Here is the planner's explanation, after the index:
------------------------------------------------------------------------------------------------------------------------------------------------------------------------------
 Sort  (cost=363713.01..363752.42 rows=15762 width=255)
   Sort Key: log_actionseq
   ->  Index Scan using sl_log_1_idx2, sl_log_1_idx2 on sl_log_1  
(cost=0.00..362614.05 rows=15762 width=255)

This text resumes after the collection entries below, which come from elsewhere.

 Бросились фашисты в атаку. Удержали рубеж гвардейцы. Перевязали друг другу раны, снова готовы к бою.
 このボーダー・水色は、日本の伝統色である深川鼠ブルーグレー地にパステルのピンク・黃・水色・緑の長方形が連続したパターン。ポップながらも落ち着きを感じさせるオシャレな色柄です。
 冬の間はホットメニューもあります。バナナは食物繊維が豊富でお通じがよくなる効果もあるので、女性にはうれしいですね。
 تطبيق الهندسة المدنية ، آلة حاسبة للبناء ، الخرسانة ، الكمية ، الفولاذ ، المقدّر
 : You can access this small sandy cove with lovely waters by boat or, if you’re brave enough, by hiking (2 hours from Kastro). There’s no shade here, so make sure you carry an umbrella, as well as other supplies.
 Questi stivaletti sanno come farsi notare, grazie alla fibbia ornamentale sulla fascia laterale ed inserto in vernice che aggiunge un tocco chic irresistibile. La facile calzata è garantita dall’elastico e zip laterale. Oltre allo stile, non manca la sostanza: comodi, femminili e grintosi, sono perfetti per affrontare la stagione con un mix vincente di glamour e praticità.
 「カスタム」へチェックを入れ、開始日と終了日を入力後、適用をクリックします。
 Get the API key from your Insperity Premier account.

         Index Cond: (((log_xid < '1750854484'::xxid) AND (log_xid >= 
'1750179272'::xxid)) OR ((log_xid < '1750854484'::xxid) AND (log_xid >= 
'1750179272'::xxid)))
         Filter: ((log_origin = 1) AND
                  (((log_tableid = 93) AND (log_xid < '1750854484'::xxid) AND 
xxid_lt_snapshot(log_xid,'1750179272:1750854484:1750854483,1750804298,1750179272,1750851104,1750433433,1750853878,1750854481'::xxid_snapshot) 
AND (log_xid >= '1750179272'::xxid) AND xxid_ge_snapshot(log_xid, 
'1750179272:1750854278:1750854275,1750854250,1750854274,1750804298,1750179272,1750851104,1750433433,1750853878,1750854276'::xxid_snapshot)) 

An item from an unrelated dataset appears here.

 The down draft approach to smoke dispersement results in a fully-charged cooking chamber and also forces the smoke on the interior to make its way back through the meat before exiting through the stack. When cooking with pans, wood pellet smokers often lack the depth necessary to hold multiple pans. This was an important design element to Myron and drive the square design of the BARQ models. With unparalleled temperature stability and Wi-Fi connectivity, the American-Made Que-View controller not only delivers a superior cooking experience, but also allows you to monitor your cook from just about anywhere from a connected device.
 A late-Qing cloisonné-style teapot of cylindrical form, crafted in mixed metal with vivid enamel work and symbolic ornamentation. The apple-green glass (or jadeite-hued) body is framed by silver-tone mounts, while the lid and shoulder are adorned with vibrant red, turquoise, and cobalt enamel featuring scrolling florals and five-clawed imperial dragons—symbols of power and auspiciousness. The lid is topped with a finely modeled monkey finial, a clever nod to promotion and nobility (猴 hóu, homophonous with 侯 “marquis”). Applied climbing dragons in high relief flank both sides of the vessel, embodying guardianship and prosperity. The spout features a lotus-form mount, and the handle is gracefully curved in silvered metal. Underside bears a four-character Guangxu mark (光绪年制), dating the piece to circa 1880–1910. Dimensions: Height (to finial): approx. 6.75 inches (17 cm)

OR ((<many many many table id's>) AND (log_xid < '1750854484'::xxid) AND 
xxid_lt_snapshot(log_xid,'1750179272:1750854484:1750854483,1750804298,1750179272,1750851104,1750433433,1750853878,1750854481'::xxid_snapshot) 
AND (log_xid >= '1750179272'::xxid) AND xxid_ge_snapshot(log_xid, 
'1750179272:1750854278:1750854275,1750854250,1750854274,1750804298,1750179272,1750851104,1750433433,1750853878,1750854276'::xxid_snapshot))))
(5 rows)



> I have currently some performance problems, where slony generates a
> query that postgres 7.4.5 does not optimise well
>
> the query generated by slony when it replicates 4 sets from node 1 loocs
> like this (really it is in "declare cursor")
>
> select     log_origin, log_xid, log_tableid,     log_actionseq,
> log_cmdtype, log_cmddata
>   from "_bbb_cluster".sl_log_1
>  where log_origin = 1
> and (
> ( log_tableid in (3,9008,9007,9005,9004,2002,2001)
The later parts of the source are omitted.